The Buddhist way of embracing suffering is to practice mindfulness, which I understand to mean the fearless choice to allow the present reality, including all the very hurtful things in that present, to come inside of us and to let that pain and hurt just be inside of us.  Thich Nhat Hanh will say that we must “look deeply into the heart of things” (TL, 52).  When we are mindful in this Buddhist way, we have let go of our fear of someone, and become intimate with them again.  We become intimate with them because, in our mindfulness, we see the hurtful person as they truly are – as struggling, as preoccupied, as carrying their own hurt, as damaged – and then we can forgive them.  My Dad hurt me a lot, emotionally, when I was a kid; I did the withdrawal, depression thing for a long time.  But as I got older, I began to listen to who he was rather than just go numb, and I saw a hurt, struggling person with his own unreconciled pain.  I could forgive him; he did not act in malice, but out of his own suffering.


So the Buddhist notion of forgiveness, which connects tightly with a lot of contemporary psychotherapy, teaches that we forgive when we stop denying our suffering and we embrace it instead.  Forgiveness is to see the hurtful person completely as they really are.  I feel like this is a good teaching unless the hurtful person is very close to you and very involved in your daily life:  say, a child living at home, or a life partner.  I forgave my Dad, but I had to leave home to begin to do it.


When forgiveness means restoring an intimate relationship with someone who has hurt us badly, the Buddhist vision feels incomplete to me.  There is another step to take in the case of restoring intimate relationships.


That’s why I read the story of the Prodigal Son.  This time of year, Jews observe the Day of Atonement, the day of asking for forgiveness of sins.  What is interesting about this Jewish tradition is that Jews themselves, the perpetrators of the sins, do the work of forgiveness.  This is a very different emphasis than that of the Buddhist or contemporary psychotherapeutic tradition, which generally place the work of forgiveness on the victim.  Now granted, God, the victim in the case of Atonement Day, presumably forgives, but my point is that for the Jewish tradition forgiveness is a social act, a cooperative action between victim and perpetrator.  It is not an inward psychological movement of the victim alone.


And that’s what we see in the Prodigal Son.  Granted, the father sees his wayward son from a distance, and felt compassion and kissed him.  This is the Buddhist movement; the father embraces the loved one who has caused him pain.  But the story does not end with compassion.  The story ends with a restoration of the prodigal son’s status as a son, and this restoration only occurs after the son has acknowledged his mistake.  Why does this matter?  Why is it that sometimes we can only forgive if the other person feels remorse and promises to change?


To me, the restoration of the son as a son is the key.  If forgiveness includes restoring an intimate relationship, the victim needs the security of knowing that the future will be different from the past.  Re-embracing someone who has hurt us deeply, seeing them as they truly are in their own hurt and pain, may bring us peace.  But embracing the present moment with this hurtful person will not convince us that this person will change their behavior.  All intimate relationships imply a promise to act and feel within a certain discipline.  If the perpetrator has strayed from those boundaries, then the perpetrator must atone, must find a way to show that he or she will not do the hurtful thing again.  Otherwise, you have forgiveness but with the end of the intimate relationship.


What you have is letting go.
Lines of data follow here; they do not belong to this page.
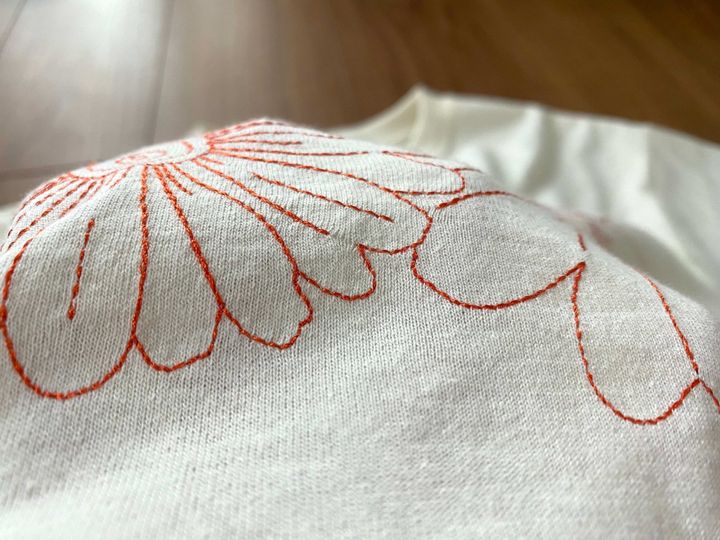 お花の刺繍が女性らしく上品なデザインで、Tシャツですがカジュアルになりすぎないのが嬉しいポイント。
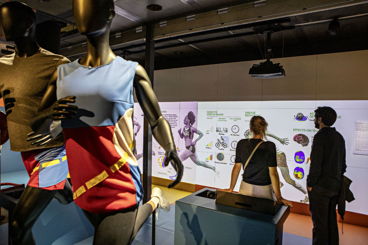 Contrôle de ballon sur un parcours clignotant, murs d’escalade, punching-ball futuriste : transformée en un grand tapis de sport, l’exposition t’invite à tester tes compétences. Un radar peut même calculer la vitesse de ta frappe dans une balle de tennis !
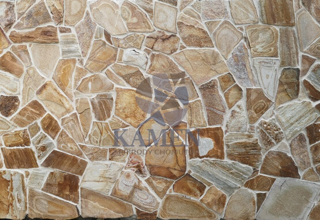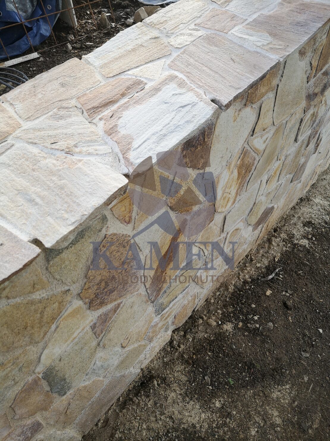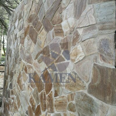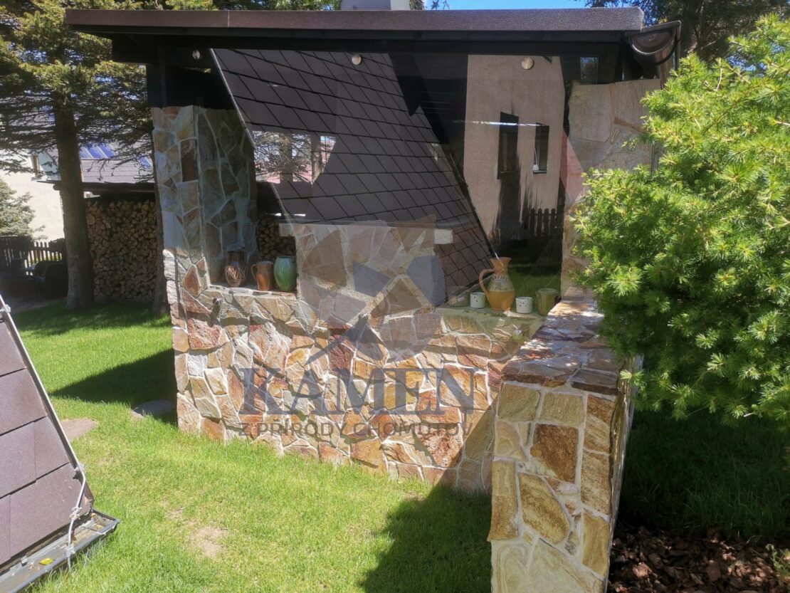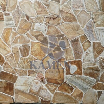 Fasáda domu je obložena velkoformátovým zlatým obkladem, který je spárovaný bílobéžovou spárovací maltou FM-X. Pochozí plochy jsou obložené nepravidelnou dlažbou ve zlaté barvě, spárovanou taktéž bílobéžovou spárovací maltou.
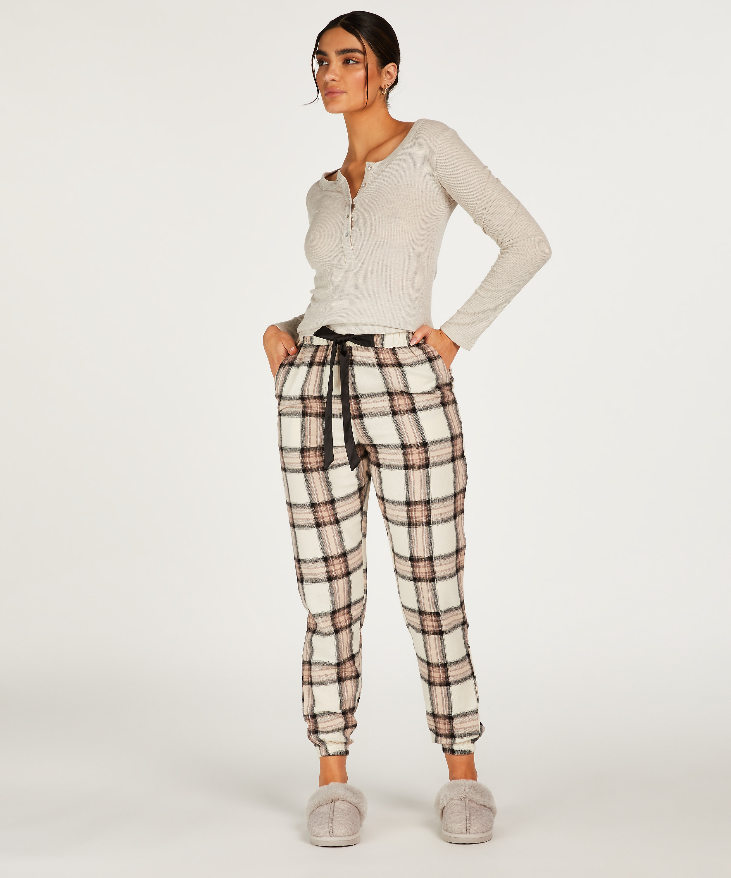 Feel nice and comfy in these pyjama pants! The pants have a lovely block pattern, with elasticated ankle cuffs. Combine with the matching top for a cute set! The trousers are 7.5 centimetres shorter than the standard fit and have a petit-fit. This makes them perfect for women shorter than 1.60m.

Sometimes, that’s the best kind of forgiveness we can do, just letting go in peace.  But we are not bodhisattvas; we grasp, we desire, we want, we hope.  In the Jewish tradition, the Jews are the bride and God is the groom.  It is a relationship full of desire and grasping on both sides.  Each year, at this time, Jews seek to restore that intimate relationship with their God.  For this restoration of intimacy, forgiveness is not solitary; forgiveness is as much the work of the perpetrator as it is of the victim.